### Data for this exercise

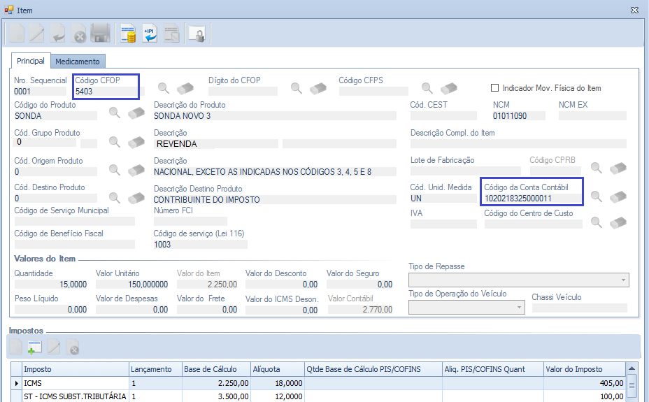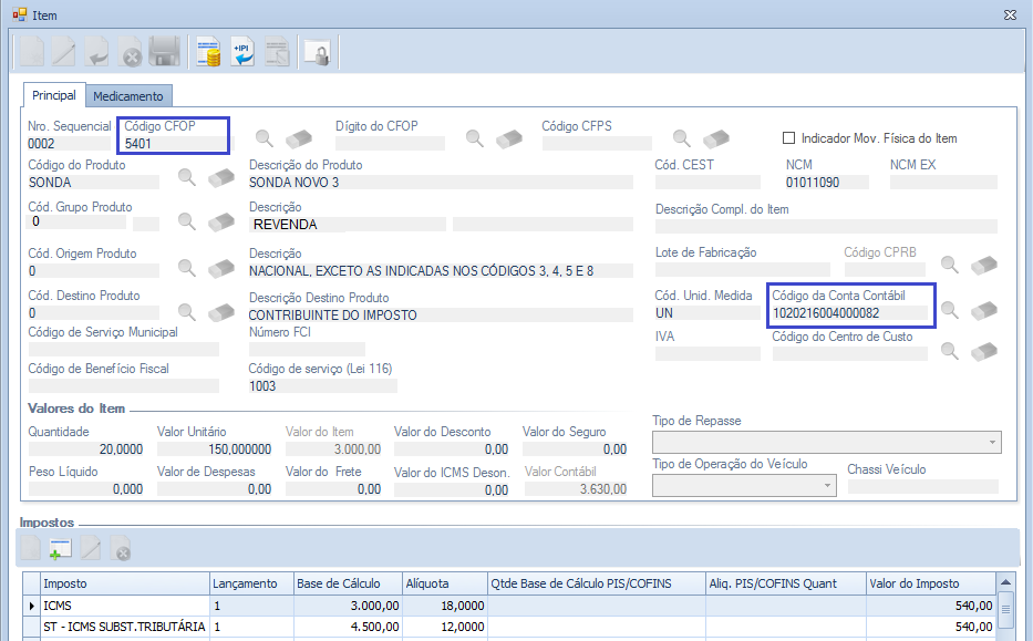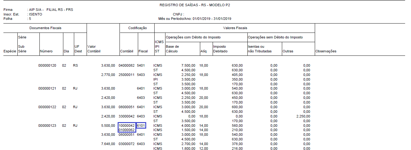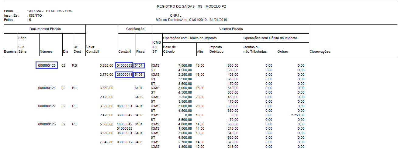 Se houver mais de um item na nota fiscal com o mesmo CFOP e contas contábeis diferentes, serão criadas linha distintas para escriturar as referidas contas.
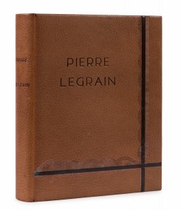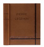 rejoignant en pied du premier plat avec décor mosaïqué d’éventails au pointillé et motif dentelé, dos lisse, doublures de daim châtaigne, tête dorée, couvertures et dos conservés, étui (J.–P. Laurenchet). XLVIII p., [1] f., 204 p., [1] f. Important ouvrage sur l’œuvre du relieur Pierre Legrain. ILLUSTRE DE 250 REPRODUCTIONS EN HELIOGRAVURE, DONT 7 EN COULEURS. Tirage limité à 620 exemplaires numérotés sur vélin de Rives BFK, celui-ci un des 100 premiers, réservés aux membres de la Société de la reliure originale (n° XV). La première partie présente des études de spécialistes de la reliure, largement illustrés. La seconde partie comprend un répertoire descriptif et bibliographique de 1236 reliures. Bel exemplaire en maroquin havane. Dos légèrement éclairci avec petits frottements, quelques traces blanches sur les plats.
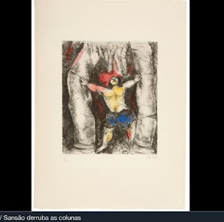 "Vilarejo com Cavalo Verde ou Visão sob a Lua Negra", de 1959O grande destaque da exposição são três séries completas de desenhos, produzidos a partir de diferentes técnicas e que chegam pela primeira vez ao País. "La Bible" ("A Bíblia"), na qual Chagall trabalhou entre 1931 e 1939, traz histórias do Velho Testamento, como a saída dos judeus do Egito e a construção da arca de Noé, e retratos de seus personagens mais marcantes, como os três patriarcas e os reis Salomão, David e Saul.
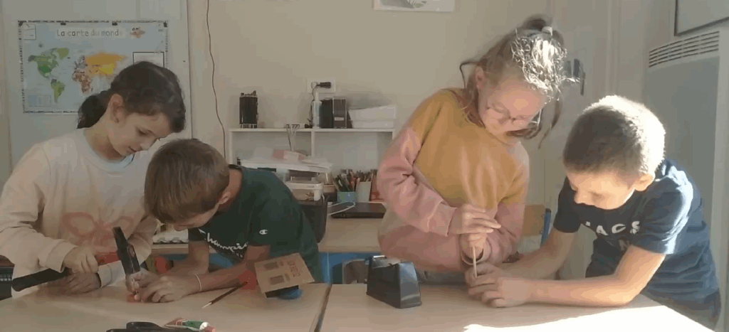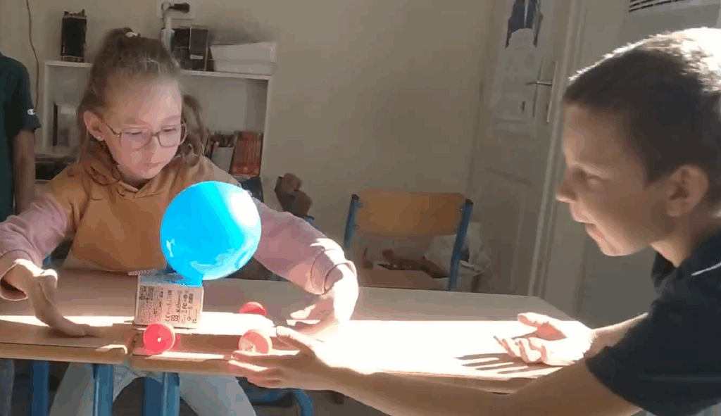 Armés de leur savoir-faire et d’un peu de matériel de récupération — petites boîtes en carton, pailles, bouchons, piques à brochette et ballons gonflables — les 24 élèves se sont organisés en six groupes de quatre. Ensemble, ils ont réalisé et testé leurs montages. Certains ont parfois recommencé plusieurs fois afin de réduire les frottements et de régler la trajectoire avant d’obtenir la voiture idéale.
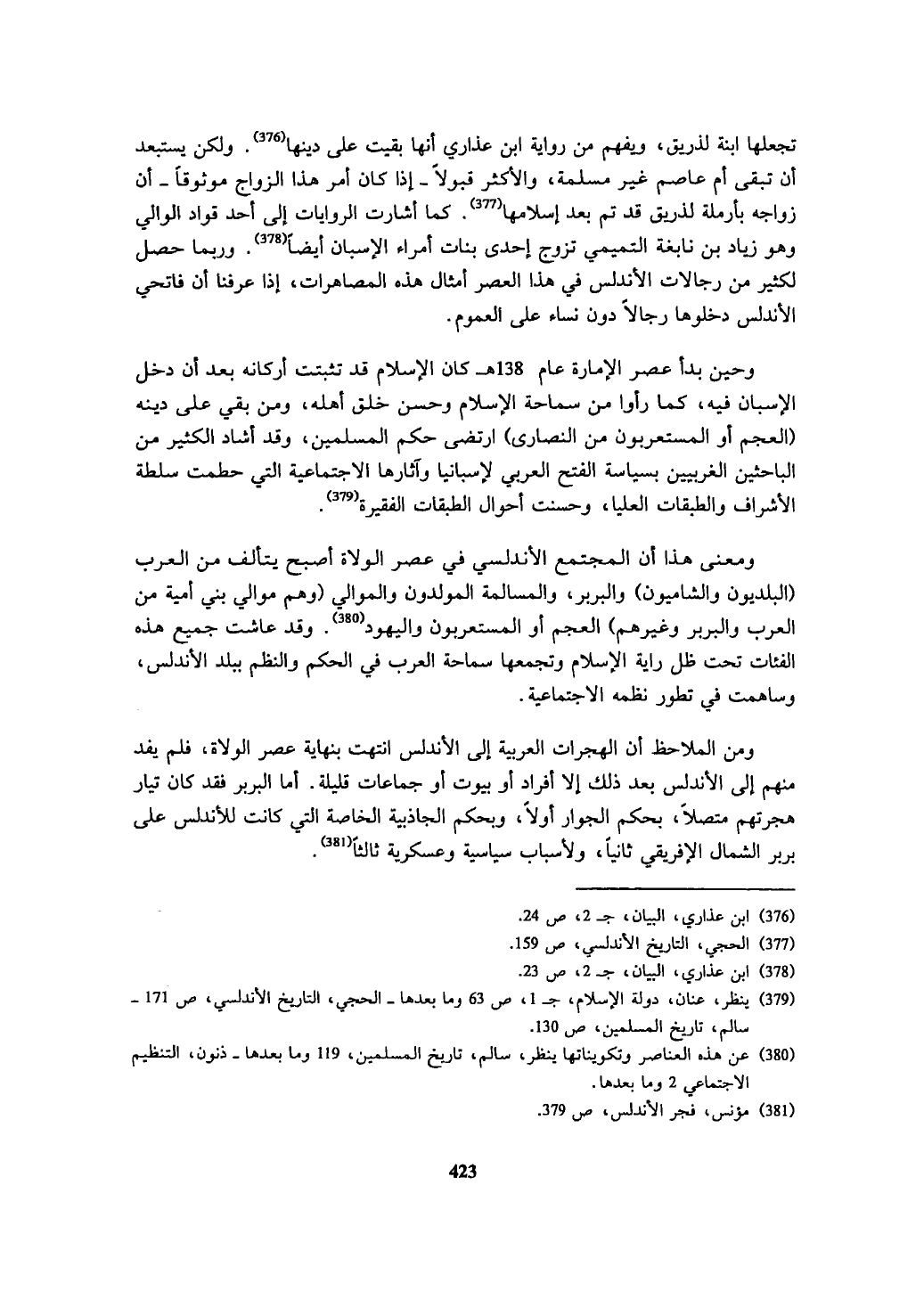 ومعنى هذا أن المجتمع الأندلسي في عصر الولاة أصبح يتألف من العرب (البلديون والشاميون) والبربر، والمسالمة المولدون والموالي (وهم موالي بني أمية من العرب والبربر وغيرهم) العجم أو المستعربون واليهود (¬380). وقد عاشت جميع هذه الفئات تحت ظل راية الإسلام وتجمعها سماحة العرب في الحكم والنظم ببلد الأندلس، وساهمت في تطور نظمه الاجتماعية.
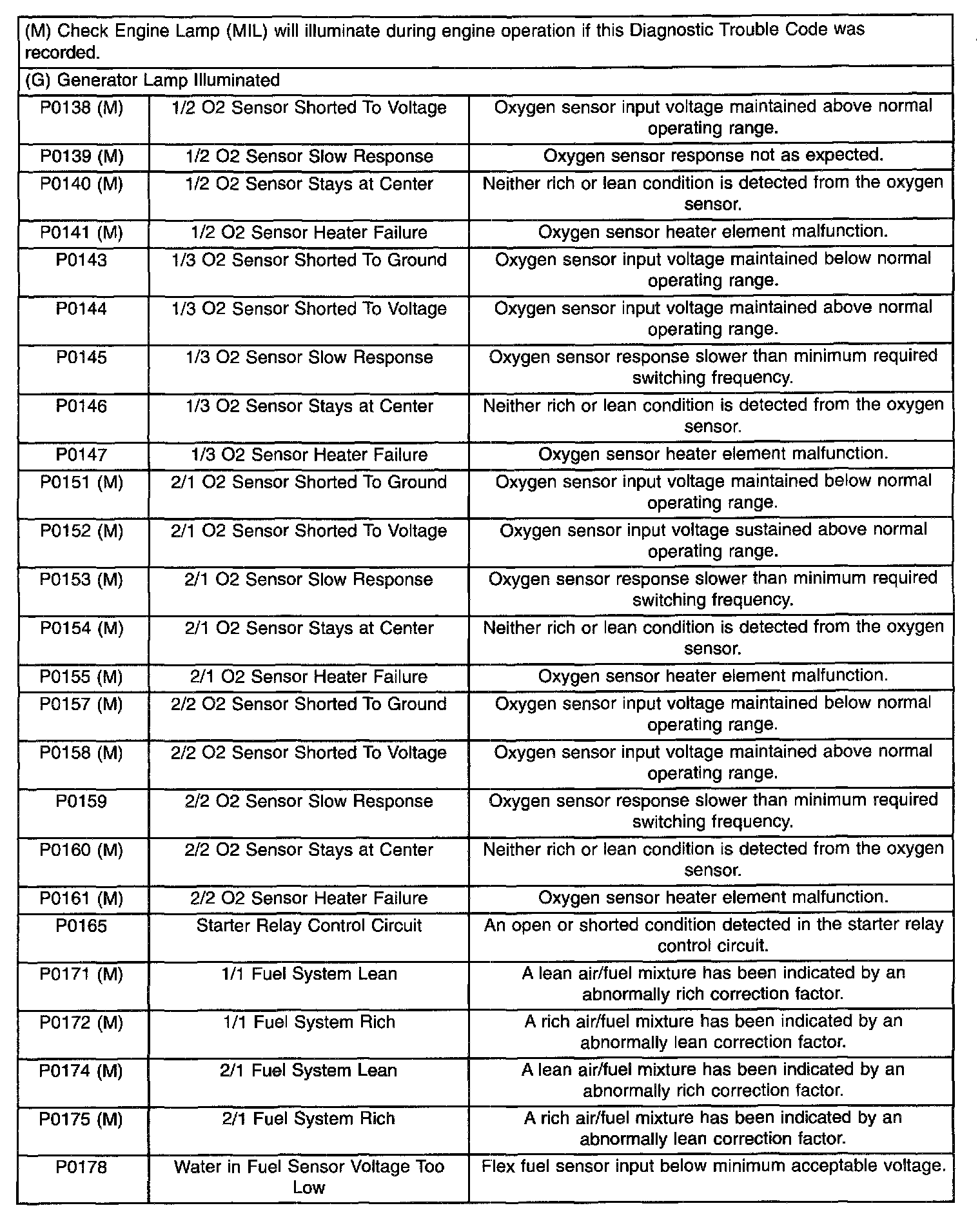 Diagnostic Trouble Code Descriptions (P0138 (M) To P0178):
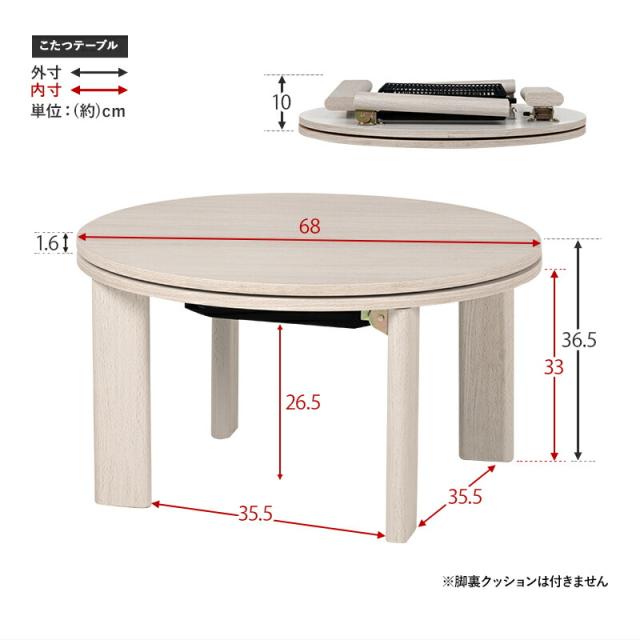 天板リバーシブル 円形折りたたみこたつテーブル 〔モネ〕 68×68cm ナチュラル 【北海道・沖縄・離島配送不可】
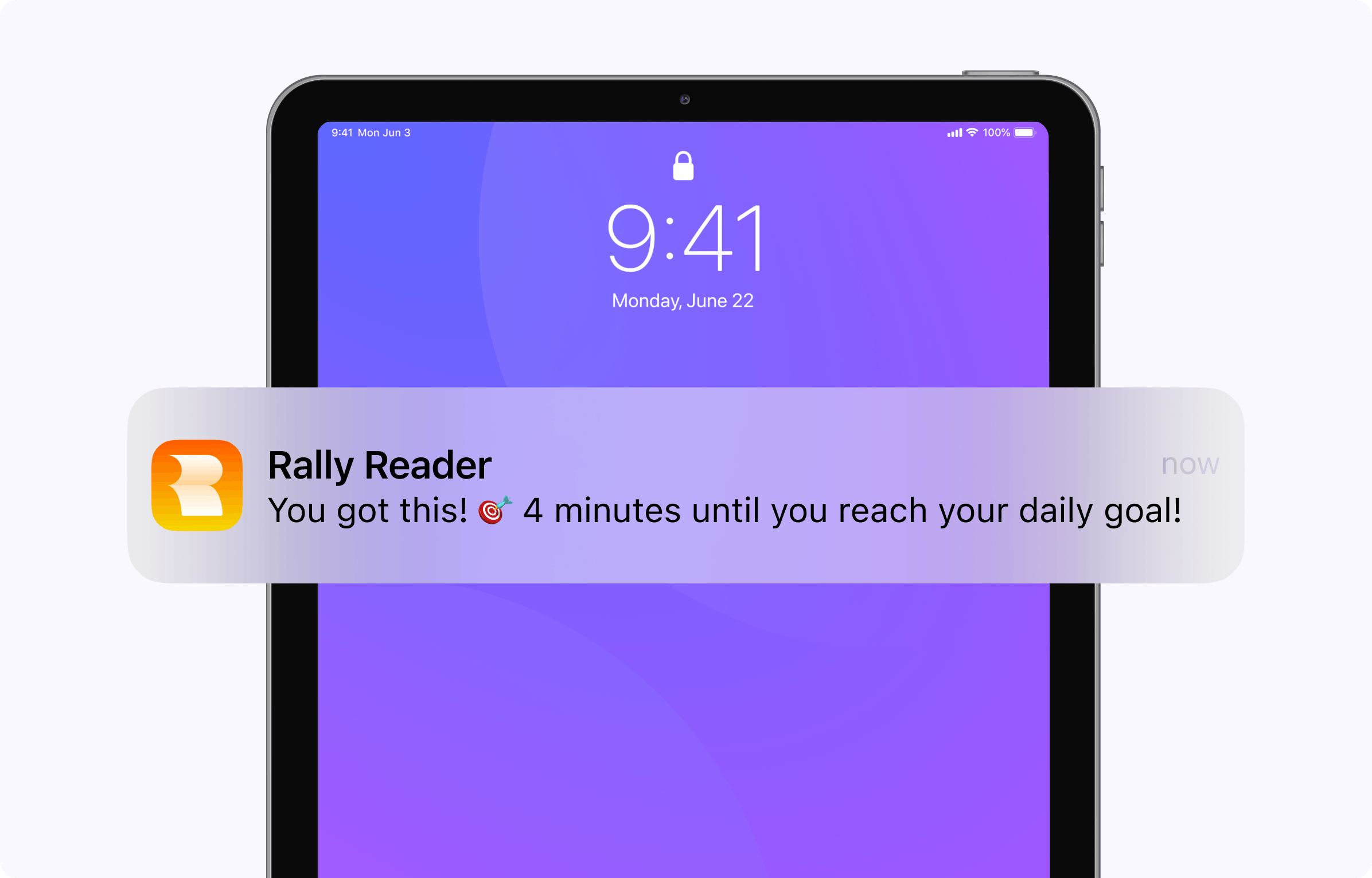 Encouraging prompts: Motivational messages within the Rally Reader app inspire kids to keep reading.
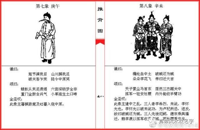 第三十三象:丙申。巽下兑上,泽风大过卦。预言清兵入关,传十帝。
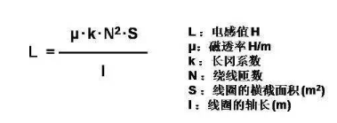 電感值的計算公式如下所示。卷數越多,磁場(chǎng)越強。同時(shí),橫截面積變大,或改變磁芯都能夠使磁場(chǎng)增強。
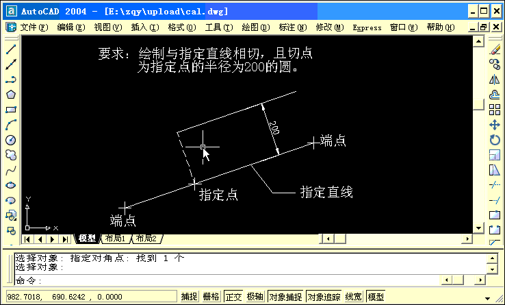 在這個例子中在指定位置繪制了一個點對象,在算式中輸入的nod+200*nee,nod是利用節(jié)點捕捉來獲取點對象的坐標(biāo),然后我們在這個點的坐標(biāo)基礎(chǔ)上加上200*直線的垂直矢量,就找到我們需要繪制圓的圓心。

######

> Task brief
The expected response is every line of the material, written out exactly, with the images removed.

> Result of this exercise
 Se houver mais de um item na nota fiscal com o mesmo CFOP e contas contábeis diferentes, serão criadas linha distintas para escriturar as referidas contas.
 rejoignant en pied du premier plat avec décor mosaïqué d’éventails au pointillé et motif dentelé, dos lisse, doublures de daim châtaigne, tête dorée, couvertures et dos conservés, étui (J.–P. Laurenchet). XLVIII p., [1] f., 204 p., [1] f. Important ouvrage sur l’œuvre du relieur Pierre Legrain. ILLUSTRE DE 250 REPRODUCTIONS EN HELIOGRAVURE, DONT 7 EN COULEURS. Tirage limité à 620 exemplaires numérotés sur vélin de Rives BFK, celui-ci un des 100 premiers, réservés aux membres de la Société de la reliure originale (n° XV). La première partie présente des études de spécialistes de la reliure, largement illustrés. La seconde partie comprend un répertoire descriptif et bibliographique de 1236 reliures. Bel exemplaire en maroquin havane. Dos légèrement éclairci avec petits frottements, quelques traces blanches sur les plats.
 "Vilarejo com Cavalo Verde ou Visão sob a Lua Negra", de 1959O grande destaque da exposição são três séries completas de desenhos, produzidos a partir de diferentes técnicas e que chegam pela primeira vez ao País. "La Bible" ("A Bíblia"), na qual Chagall trabalhou entre 1931 e 1939, traz histórias do Velho Testamento, como a saída dos judeus do Egito e a construção da arca de Noé, e retratos de seus personagens mais marcantes, como os três patriarcas e os reis Salomão, David e Saul.
 Armés de leur savoir-faire et d’un peu de matériel de récupération — petites boîtes en carton, pailles, bouchons, piques à brochette et ballons gonflables — les 24 élèves se sont organisés en six groupes de quatre. Ensemble, ils ont réalisé et testé leurs montages. Certains ont parfois recommencé plusieurs fois afin de réduire les frottements et de régler la trajectoire avant d’obtenir la voiture idéale.
 ومعنى هذا أن المجتمع الأندلسي في عصر الولاة أصبح يتألف من العرب (البلديون والشاميون) والبربر، والمسالمة المولدون والموالي (وهم موالي بني أمية من العرب والبربر وغيرهم) العجم أو المستعربون واليهود (¬380). وقد عاشت جميع هذه الفئات تحت ظل راية الإسلام وتجمعها سماحة العرب في الحكم والنظم ببلد الأندلس، وساهمت في تطور نظمه الاجتماعية.
 Diagnostic Trouble Code Descriptions (P0138 (M) To P0178):
 天板リバーシブル 円形折りたたみこたつテーブル 〔モネ〕 68×68cm ナチュラル 【北海道・沖縄・離島配送不可】
 Encouraging prompts: Motivational messages within the Rally Reader app inspire kids to keep reading.
 第三十三象:丙申。巽下兑上,泽风大过卦。预言清兵入关,传十帝。
 電感值的計算公式如下所示。卷數越多,磁場(chǎng)越強。同時(shí),橫截面積變大,或改變磁芯都能夠使磁場(chǎng)增強。
 在這個例子中在指定位置繪制了一個點對象,在算式中輸入的nod+200*nee,nod是利用節(jié)點捕捉來獲取點對象的坐標(biāo),然后我們在這個點的坐標(biāo)基礎(chǔ)上加上200*直線的垂直矢量,就找到我們需要繪制圓的圓心。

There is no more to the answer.